BRIEF:
In the entries below, find the line with "Der Außenbereich mit" and the line with "DiverCity, a portmanteau", then retype both and everything between them exactly. Do not copy the pictures.

SOURCE MATERIAL:
● ● ● ● ● ● ●
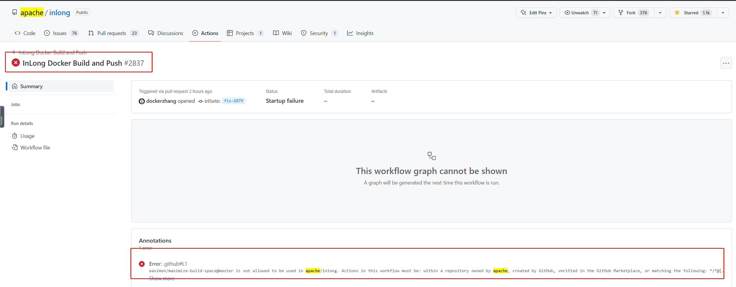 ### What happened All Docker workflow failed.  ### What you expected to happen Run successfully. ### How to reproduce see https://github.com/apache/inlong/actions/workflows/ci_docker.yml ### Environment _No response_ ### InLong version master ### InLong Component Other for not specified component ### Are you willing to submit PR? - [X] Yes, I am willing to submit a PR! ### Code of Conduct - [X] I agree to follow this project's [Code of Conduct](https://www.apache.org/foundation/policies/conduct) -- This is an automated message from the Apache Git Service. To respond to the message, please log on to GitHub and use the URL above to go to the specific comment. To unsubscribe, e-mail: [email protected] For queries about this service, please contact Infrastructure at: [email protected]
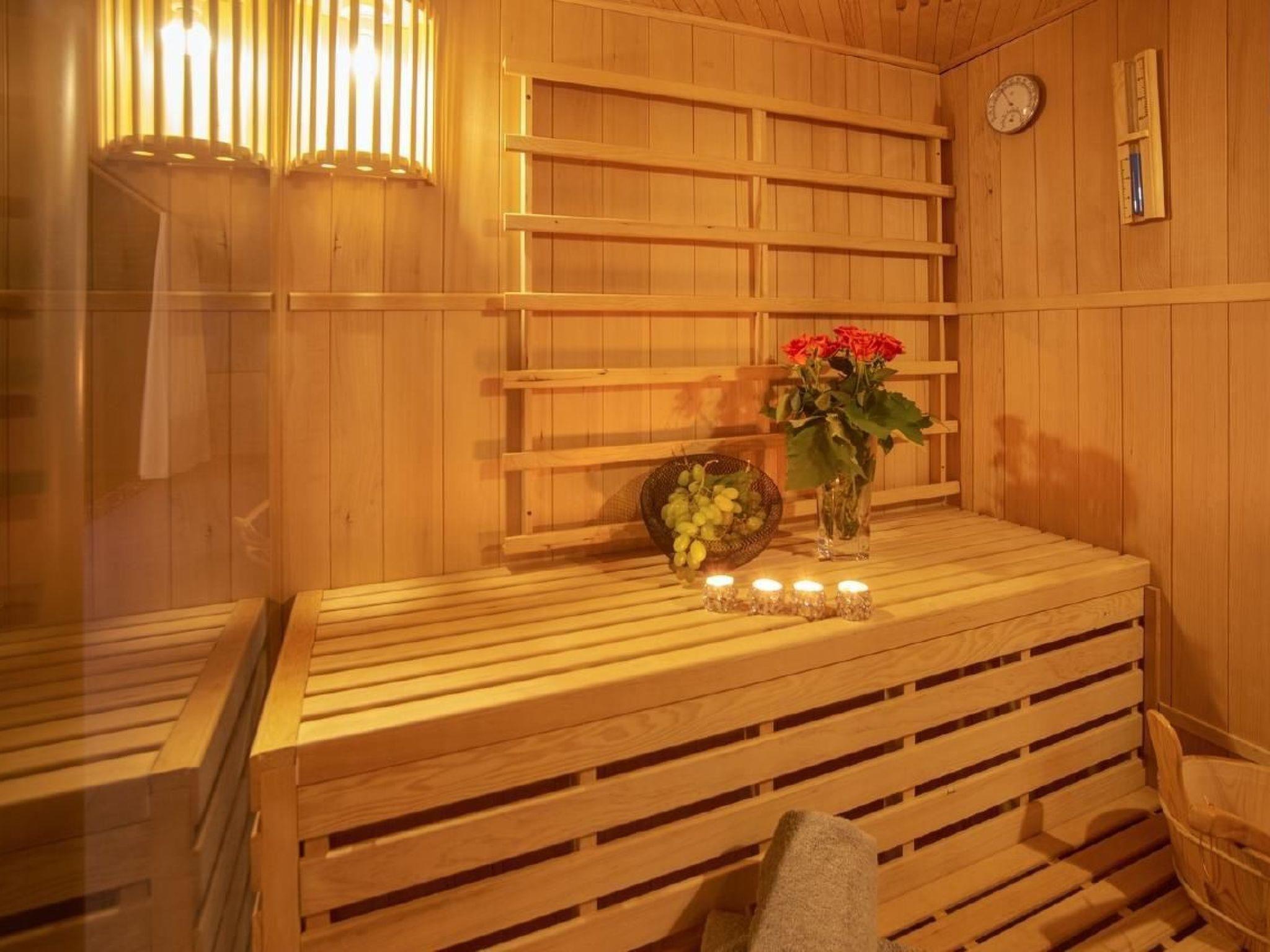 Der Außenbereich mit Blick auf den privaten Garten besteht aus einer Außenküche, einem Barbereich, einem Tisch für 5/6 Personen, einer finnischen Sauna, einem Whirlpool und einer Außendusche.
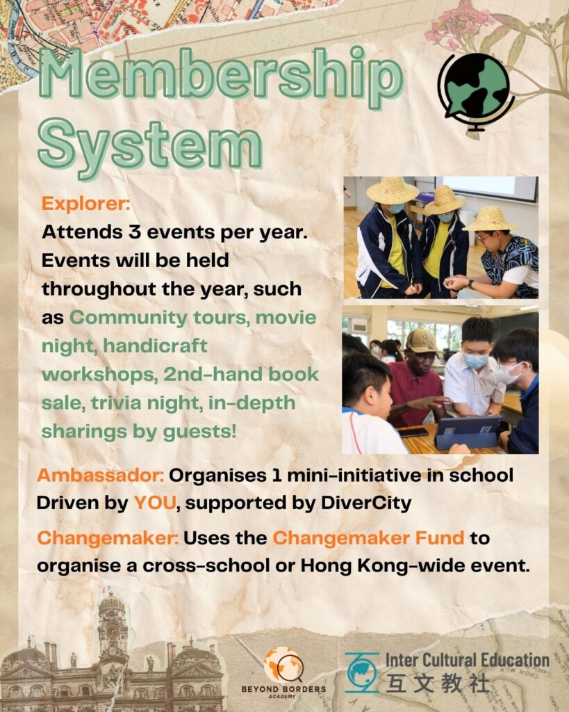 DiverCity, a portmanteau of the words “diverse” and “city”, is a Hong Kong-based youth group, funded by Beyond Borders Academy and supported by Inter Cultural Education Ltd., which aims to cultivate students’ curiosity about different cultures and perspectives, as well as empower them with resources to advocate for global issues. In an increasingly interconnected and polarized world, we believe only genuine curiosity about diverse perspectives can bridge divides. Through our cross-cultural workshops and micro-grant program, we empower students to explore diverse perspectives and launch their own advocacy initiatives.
● ● ● ● ● ● ●
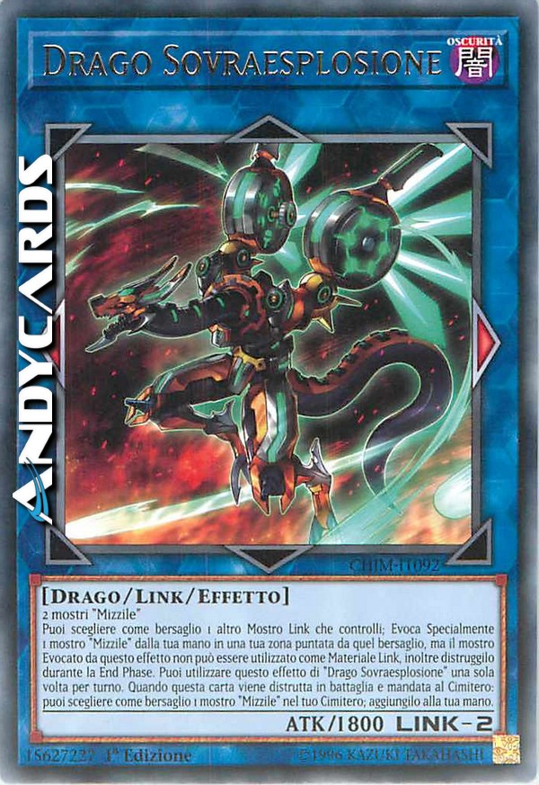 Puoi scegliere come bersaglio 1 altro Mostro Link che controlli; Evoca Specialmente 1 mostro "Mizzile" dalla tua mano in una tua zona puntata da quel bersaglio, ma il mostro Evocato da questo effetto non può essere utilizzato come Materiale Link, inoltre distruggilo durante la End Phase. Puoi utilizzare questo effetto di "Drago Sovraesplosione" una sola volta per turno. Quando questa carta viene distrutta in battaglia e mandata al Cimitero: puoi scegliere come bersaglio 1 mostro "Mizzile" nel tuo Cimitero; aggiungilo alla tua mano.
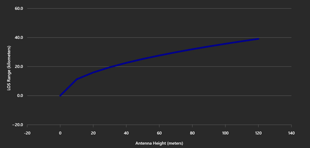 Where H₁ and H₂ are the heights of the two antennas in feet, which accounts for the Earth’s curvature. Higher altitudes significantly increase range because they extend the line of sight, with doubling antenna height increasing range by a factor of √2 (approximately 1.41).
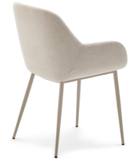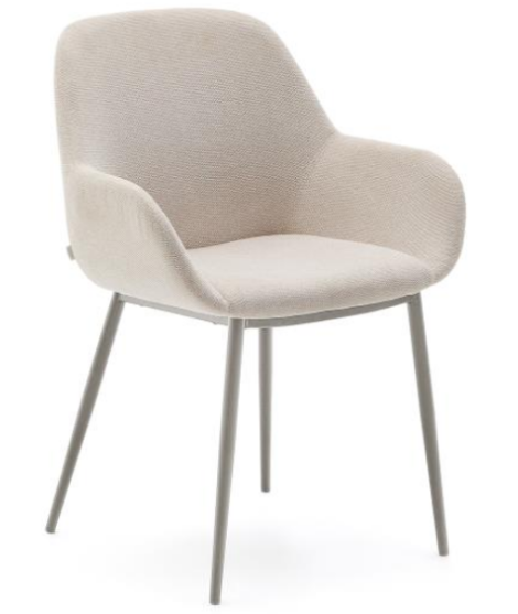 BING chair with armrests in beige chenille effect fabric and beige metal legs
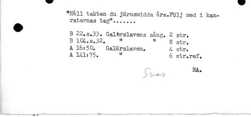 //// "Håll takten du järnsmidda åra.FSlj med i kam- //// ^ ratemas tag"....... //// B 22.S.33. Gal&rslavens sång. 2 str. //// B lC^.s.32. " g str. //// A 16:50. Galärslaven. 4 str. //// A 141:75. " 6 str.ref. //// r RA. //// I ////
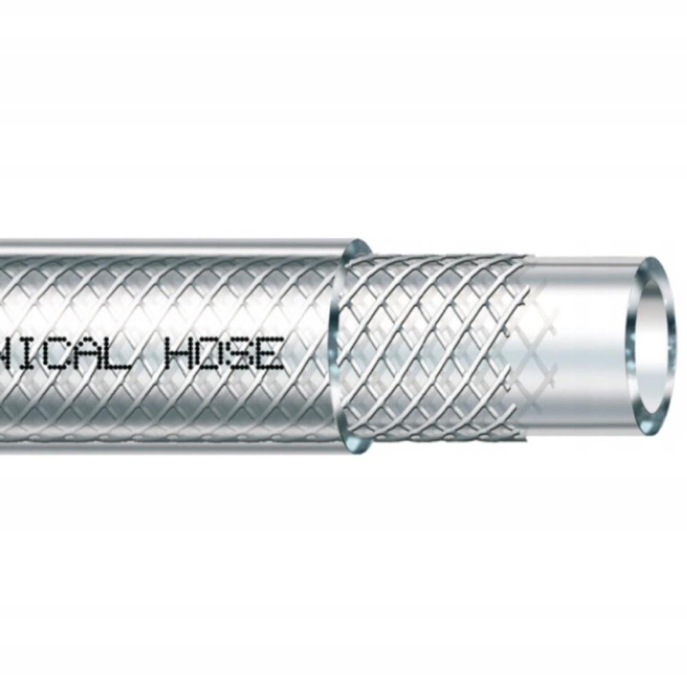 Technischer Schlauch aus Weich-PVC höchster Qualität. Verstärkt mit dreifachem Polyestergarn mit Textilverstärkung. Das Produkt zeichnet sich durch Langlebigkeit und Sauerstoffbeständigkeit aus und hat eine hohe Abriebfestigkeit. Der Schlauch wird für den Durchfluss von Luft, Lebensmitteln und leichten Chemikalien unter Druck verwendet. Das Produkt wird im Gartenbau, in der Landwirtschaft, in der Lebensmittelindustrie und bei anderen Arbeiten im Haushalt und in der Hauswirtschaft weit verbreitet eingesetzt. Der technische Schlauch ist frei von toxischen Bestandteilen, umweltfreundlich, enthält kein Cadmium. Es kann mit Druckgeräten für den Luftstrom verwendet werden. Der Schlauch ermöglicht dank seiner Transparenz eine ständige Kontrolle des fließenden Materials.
● ● ● ● ● ● ●
EXERCISE RESULT:
 Der Außenbereich mit Blick auf den privaten Garten besteht aus einer Außenküche, einem Barbereich, einem Tisch für 5/6 Personen, einer finnischen Sauna, einem Whirlpool und einer Außendusche.
 DiverCity, a portmanteau of the words “diverse” and “city”, is a Hong Kong-based youth group, funded by Beyond Borders Academy and supported by Inter Cultural Education Ltd., which aims to cultivate students’ curiosity about different cultures and perspectives, as well as empower them with resources to advocate for global issues. In an increasingly interconnected and polarized world, we believe only genuine curiosity about diverse perspectives can bridge divides. Through our cross-cultural workshops and micro-grant program, we empower students to explore diverse perspectives and launch their own advocacy initiatives.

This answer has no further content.